Collected data entries
= = = = =

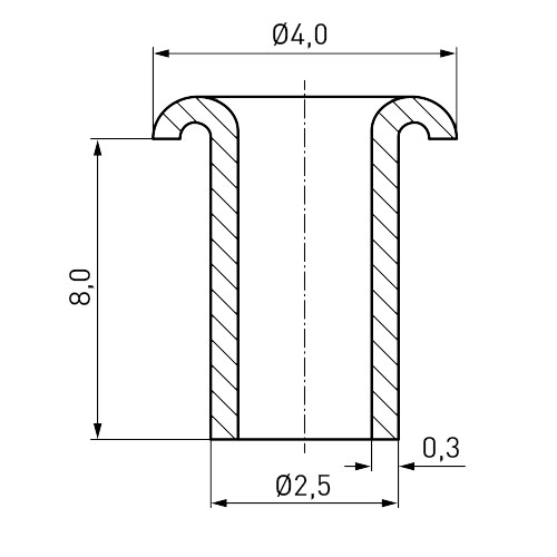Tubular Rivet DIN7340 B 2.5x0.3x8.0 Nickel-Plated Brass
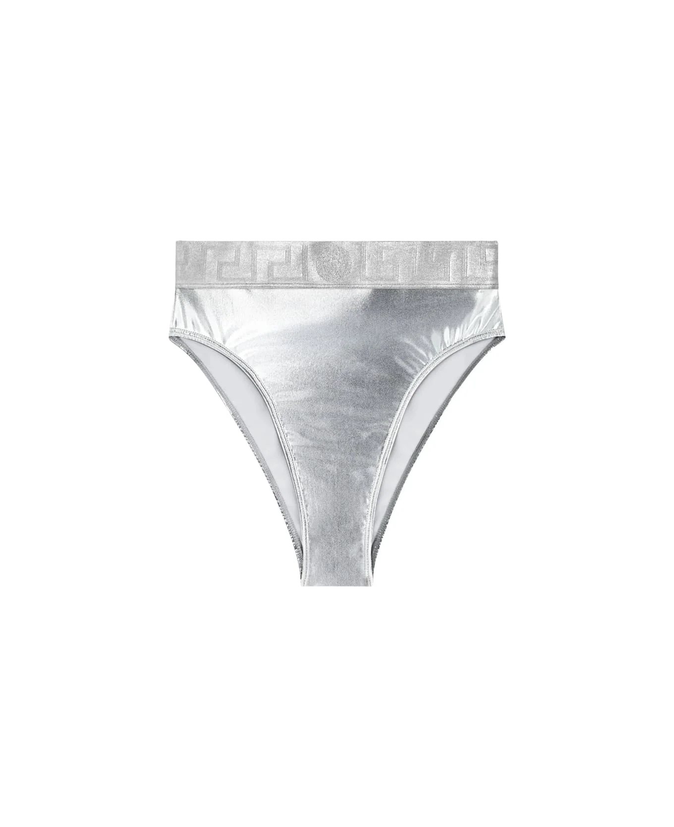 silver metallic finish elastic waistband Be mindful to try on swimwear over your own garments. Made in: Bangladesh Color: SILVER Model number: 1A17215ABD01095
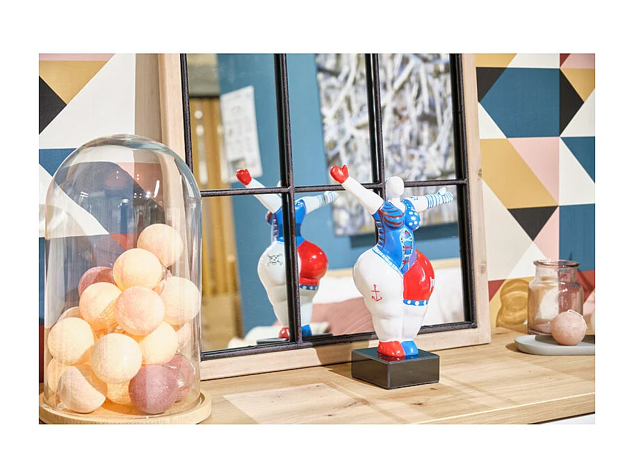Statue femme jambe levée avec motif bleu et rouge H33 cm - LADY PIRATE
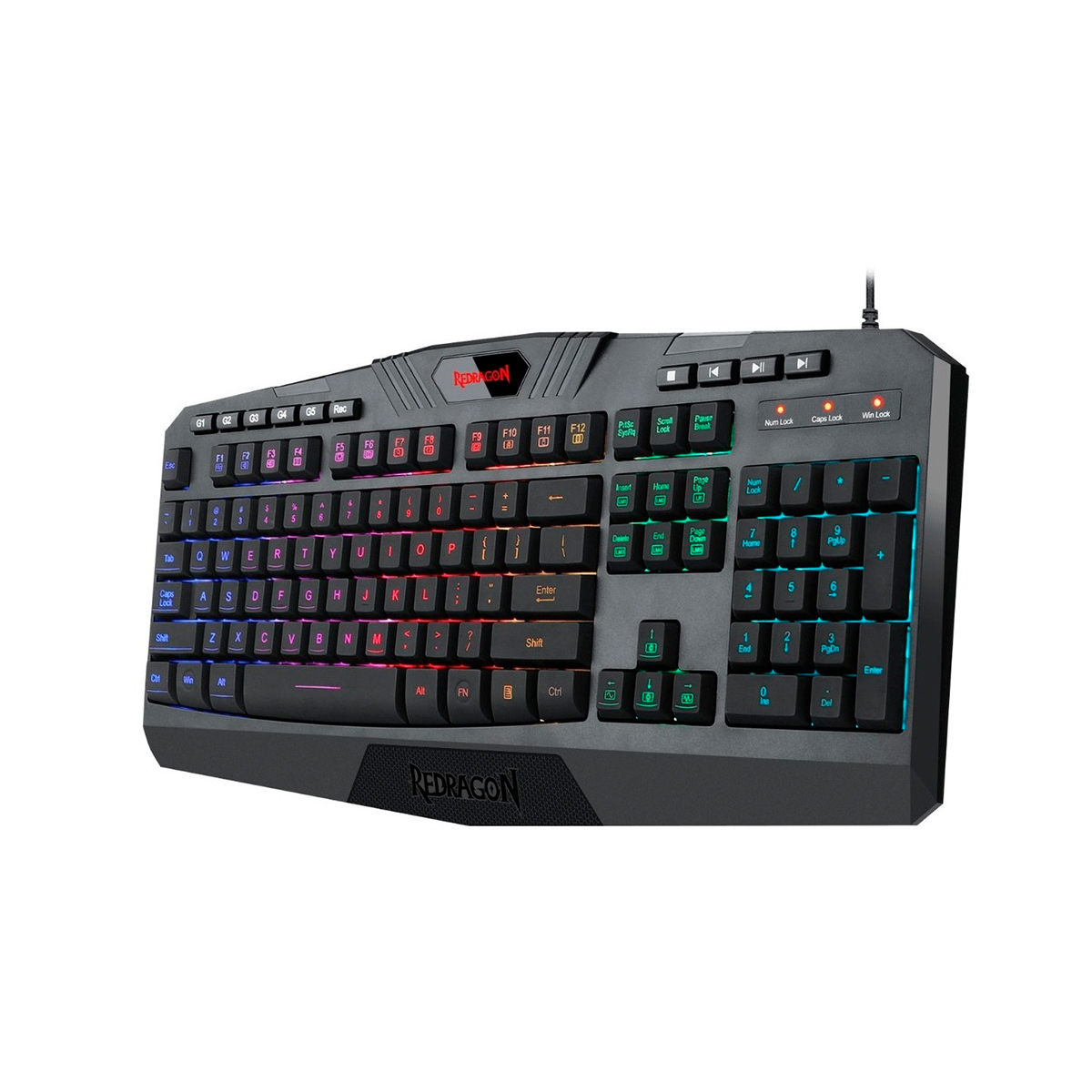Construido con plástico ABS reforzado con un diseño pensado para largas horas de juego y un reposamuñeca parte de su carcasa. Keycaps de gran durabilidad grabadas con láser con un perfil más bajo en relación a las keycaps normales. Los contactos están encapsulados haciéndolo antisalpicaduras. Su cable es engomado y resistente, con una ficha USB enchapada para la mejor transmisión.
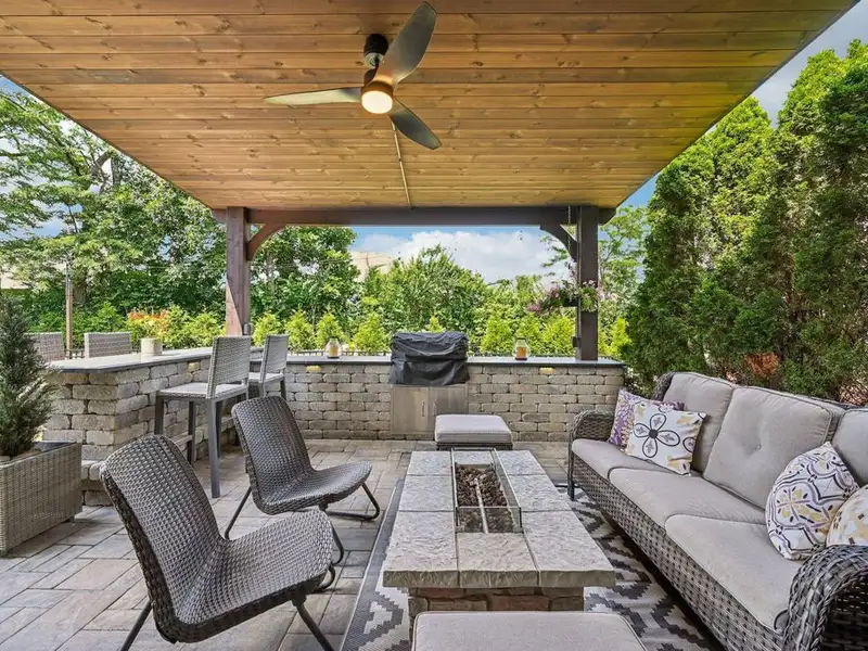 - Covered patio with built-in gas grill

= = = = =

▸ DIRECTIONS
Reproduce the lines above beginning at the line that contains "silver metallic finish" and ending at the line that contains "Statue femme jambe". No pictures.

▸ ANSWER FOR THIS EXERCISE
 silver metallic finish elastic waistband Be mindful to try on swimwear over your own garments. Made in: Bangladesh Color: SILVER Model number: 1A17215ABD01095
Statue femme jambe levée avec motif bleu et rouge H33 cm - LADY PIRATE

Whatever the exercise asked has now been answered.